“The great political achievement of the modern era – stable representative democracy – is everywhere under attack,” write the organizers of the tenth annual International Conference on Crises of Democracy, to be hosted by the Hannah Arendt Center at Bard College on Thursday, and Friday, October 12 and 13 in Olin Hall. “Hannah Arendt knew that democracy is tenuous. In 1970 she famously wrote: ‘Representative government is in crisis today, partly because it has lost, in the course of time, all institutions that permitted the citizens’ actual participation, and partly because it is now gravely affected by the disease from which the party system suffers: bureaucratization and the two parties’ tendency to represent nobody except the party machines.’”

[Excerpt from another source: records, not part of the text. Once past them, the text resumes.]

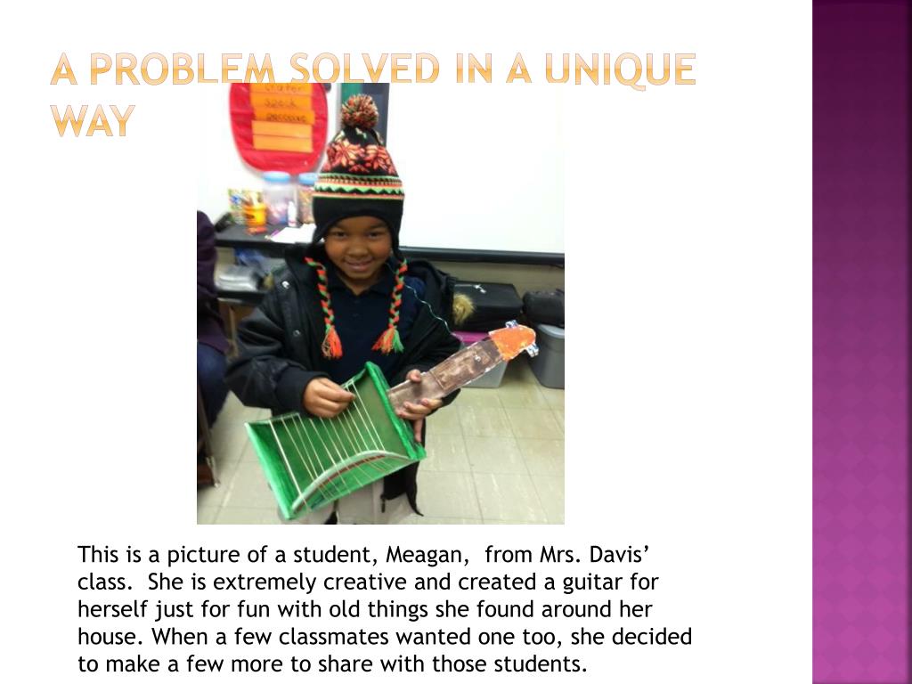 A problem solved in a unique way This is a picture of a student, Meagan, from Mrs. Davis’ class. She is extremely creative and created a guitar for herself just for fun with old things she found around her house. When a few classmates wanted one too, she decided to make a few more to share with those students.
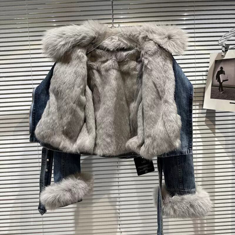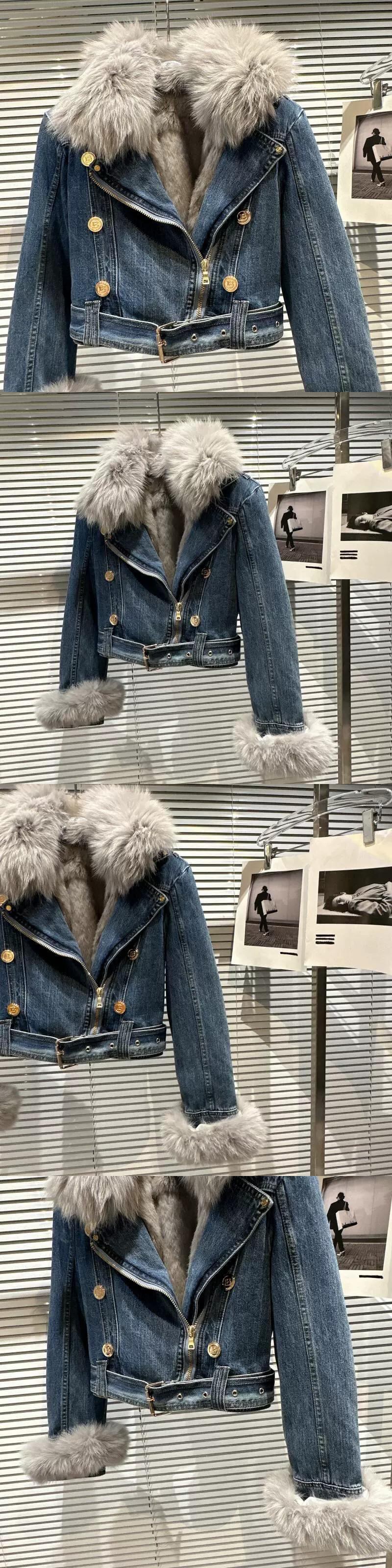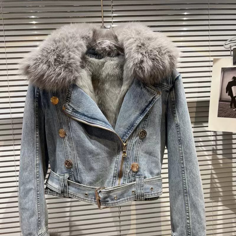ネット有名人の同じスタイル 2024 春の新ストリートキツネの毛皮の襟ウサギの毛皮の裏地金属バックル暖かいデニムショートジャケット スプリング 春物 gyan3394464048495 | vestitialla
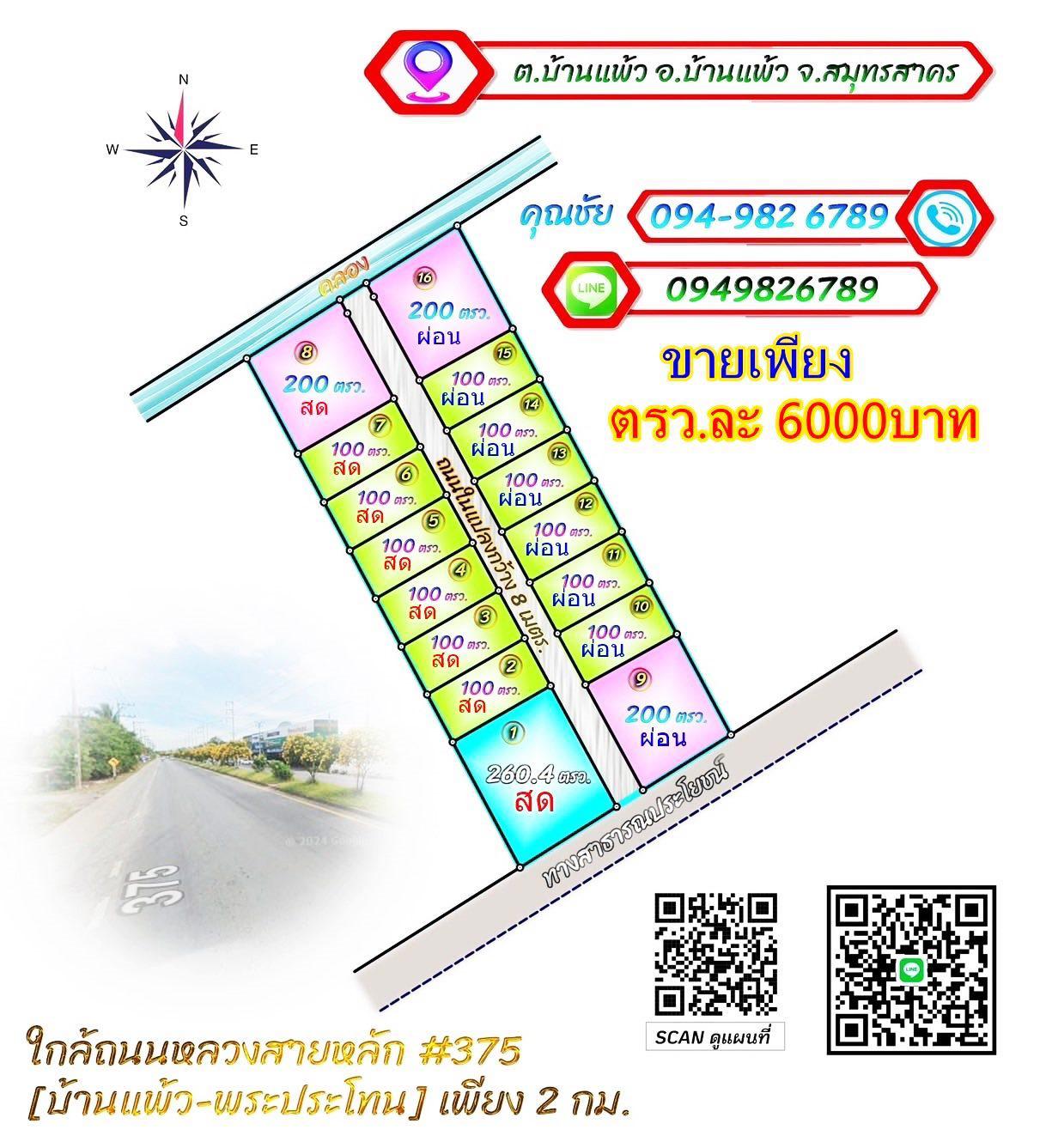 ขายที่ดินทำเลดี ใกล้ตลาดบ้านแพ้ว โรงพยาบาล ขายเพียง ตรว. ละ6000บาท (เงินสด&ผ่อน)
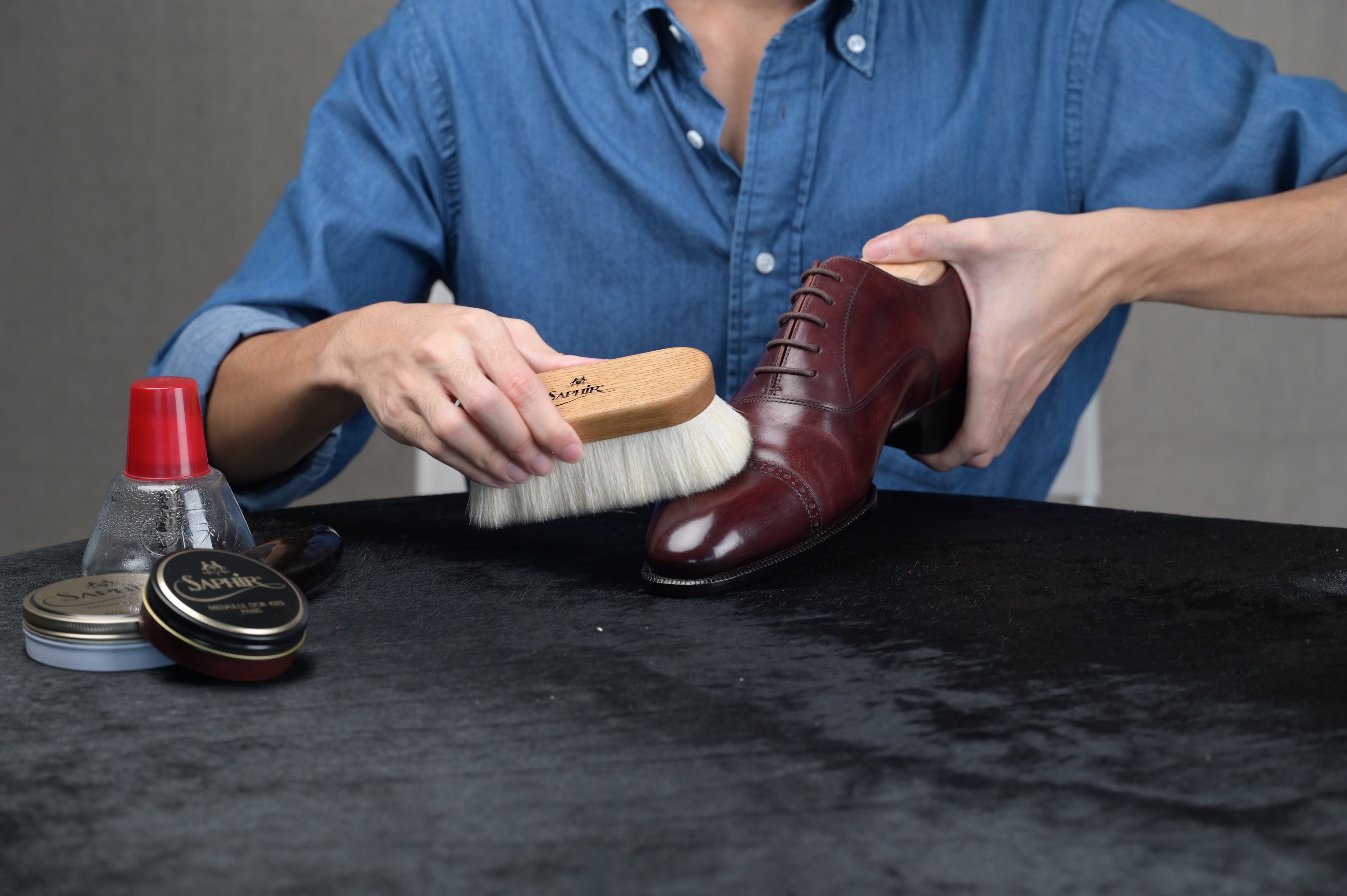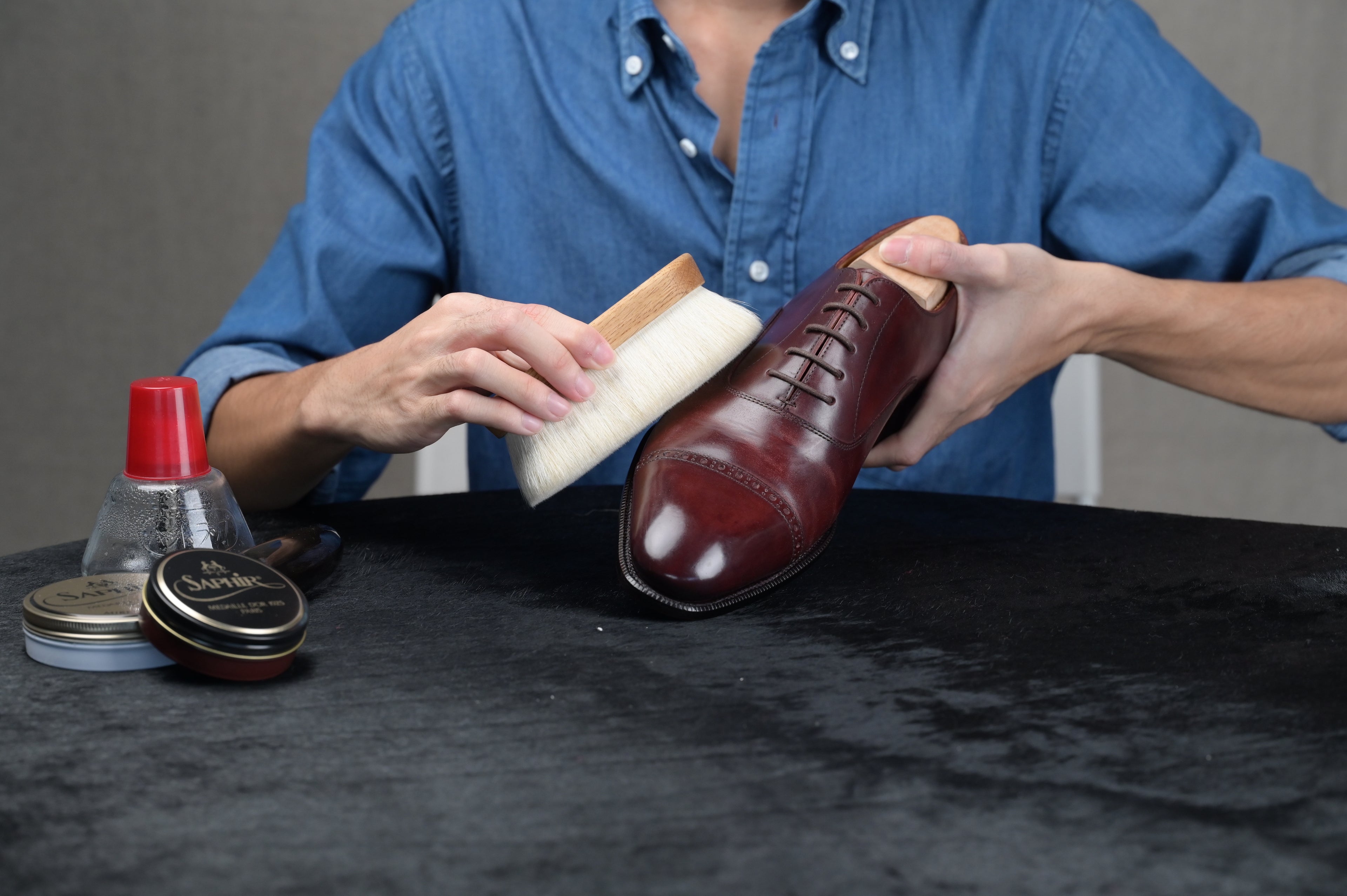 Brushing with a Goat Hair Brush helps to spread the oil all over the shoes, adding gradation and a natural shine to them.
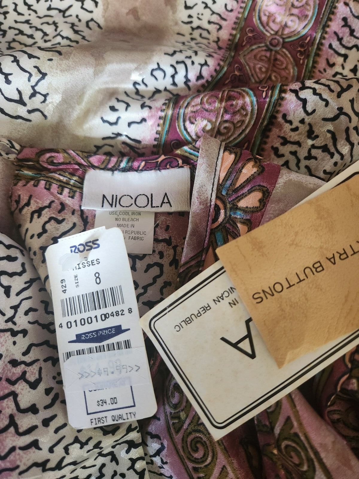 90s Deadstock Whimsigoth Mauve and White Blouse
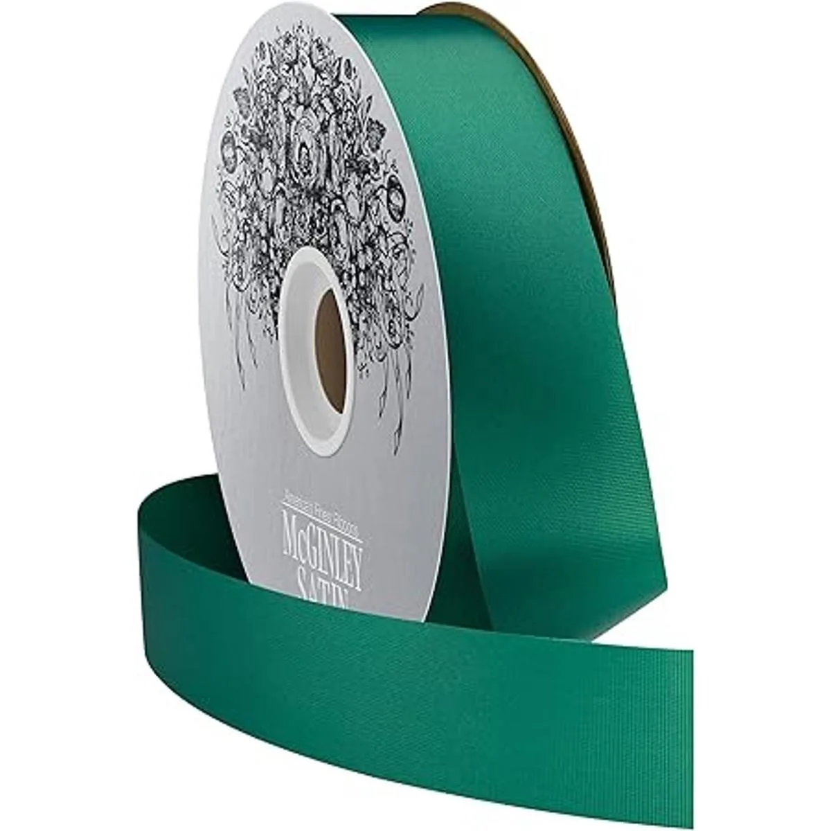 McGinley Mills Cinta de satén de acetato de 1.3 pulgadas de ancho, color verde festivo, carrete de 100 yardas
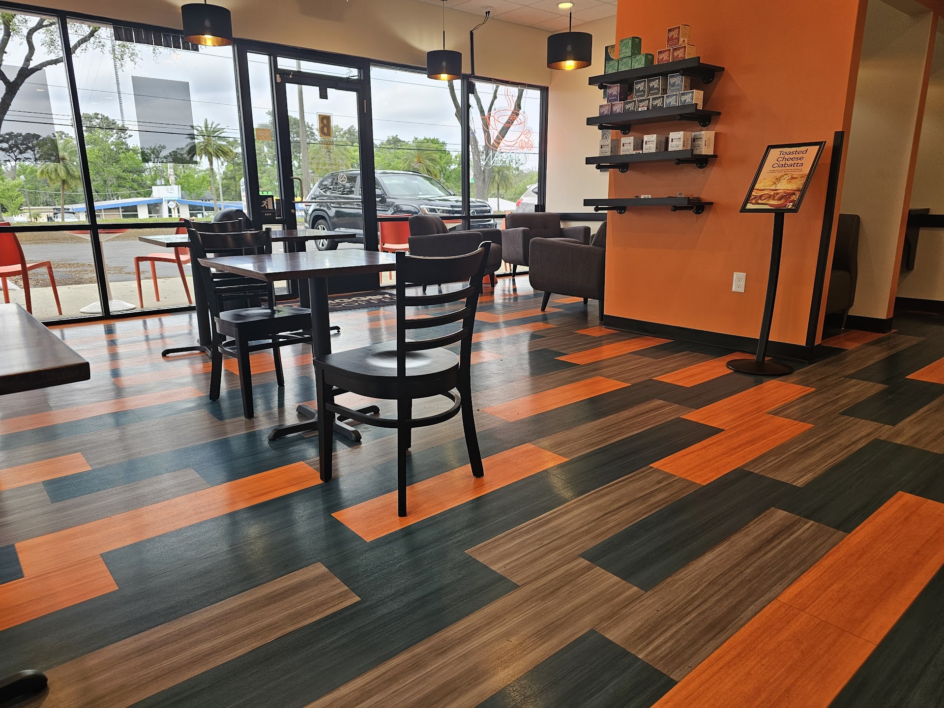 Food 5 stars, Customer service 1. We walked up on a Sunday morning with no one inside the store, and one person that just pulled up at the drive through as we were walking in. There were about 4 workers. The young lady at the register was very likely new, and struggling. She didn't make eye contact with us as we waited at the register. After about 2 minutes she put her hand up to let us know she was still helping the car in the drive through, and she would be with us soon. We proceed to stand there for close to another five minutes as she still is trying to figure out the cars order, AND get their drinks to them. Other workers see us and don't try to help, one even stocked the muffins right in front of us. Finally another lady asks if she can close that order out and takes our order. We place it and it's ready fairly quickly. We ordered two drinks and a sandwich. They realized they had packaged our sandwich with a to go order, so they had to ask the delivery guy for the bag back. We finally got our order and left. We had ordered a bacon cheese ciabotta, but they were out of the bread so we got it on an asiago bagel. The coffee was tasty and we both actually enjoyed it. The sandwich was really good! So the product was certainly not lacking, just the customer service. While I will likely try this place again, if the customer service is consistently not good, I will opt for...
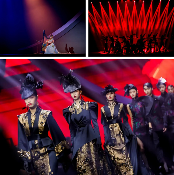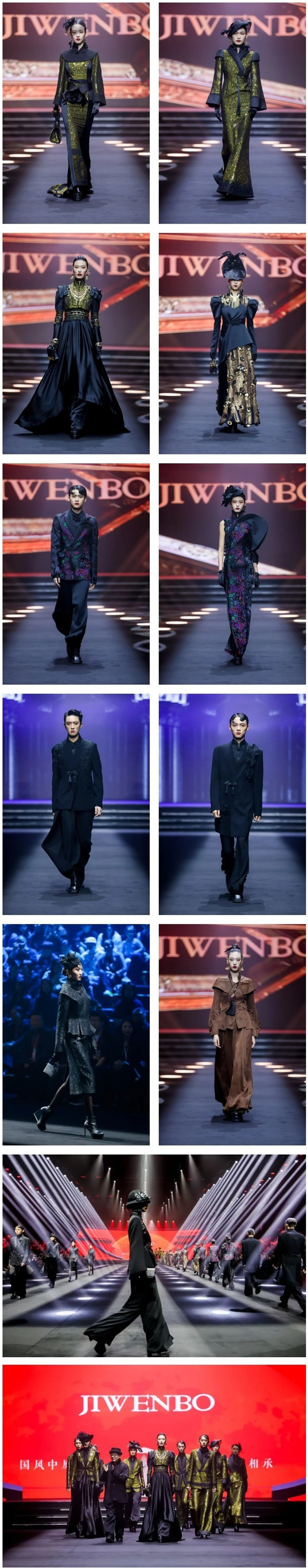 在一场美轮美奂的国风舞蹈表演后,开幕大秀将活动推向高潮。“金顶奖”设计师计文波以其同名国际品牌JIWENBO,呈现了一场融合传统与现代的视觉盛宴。大秀服装通过缂丝刺绣与数码印花的交融、汉服宽袖与西式剪裁的结合,生动诠释了“衣以载道”的当代价值。
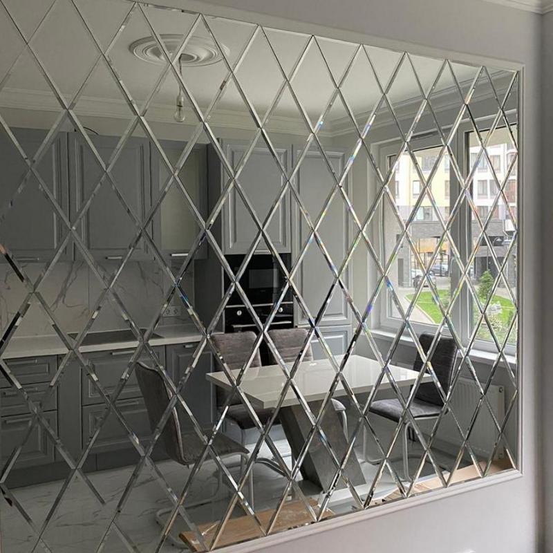 Использована зеркальная плитка "вытянутый ромб" с фацетом.
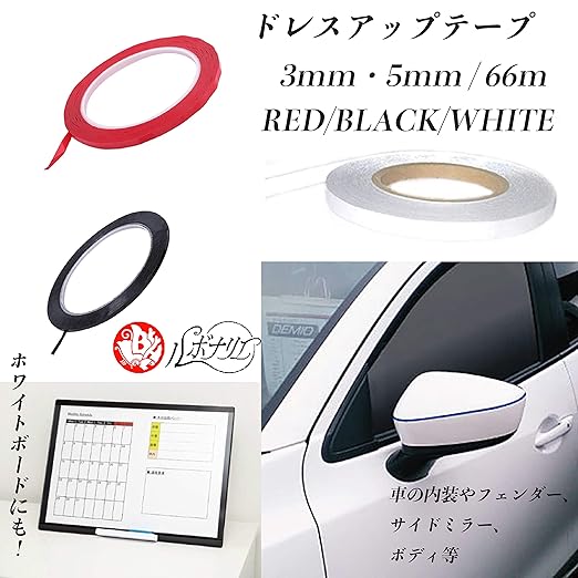 バイクや車をかっこよく彩る!ドレスアップテープ(赤)5mmです。

If this sounds familiar, the conference organizers direct your attention to a worldwide rebellion against liberal democracy taking place in Hungary, Russia, Turkey, other countries across Europe and closer to home as well. “In the United States, president Donald J. Trump channels the voices of the self-described disenfranchised. Representative governments everywhere are shown to be corrupt, inefficient and undemocratic.”
The two-day conference, “Crises of Democracy: Thinking in Dark Times,” asks: Is there a worldwide rebellion against liberal democracy? It features authors Teju Cole, Masha Gessen and John Jeremiah Sullivan, as well as New York Review of Books editor Ian Buruma, Wall Street Journal columnist Walter Russell Mead, 2016 congressional candidate Zephyr Teachout, Occupy Wall Street co-creator Micah White and artist Tania Bruguera. For a full conference schedule, biographies of featured speakers and registration information, visit http://hac.bard.edu/con2017. For more information or questions about the conference, e-mail arendt@bard.edu or call (845) 758-7878. Bard College is located in Annandale-on-Hudson.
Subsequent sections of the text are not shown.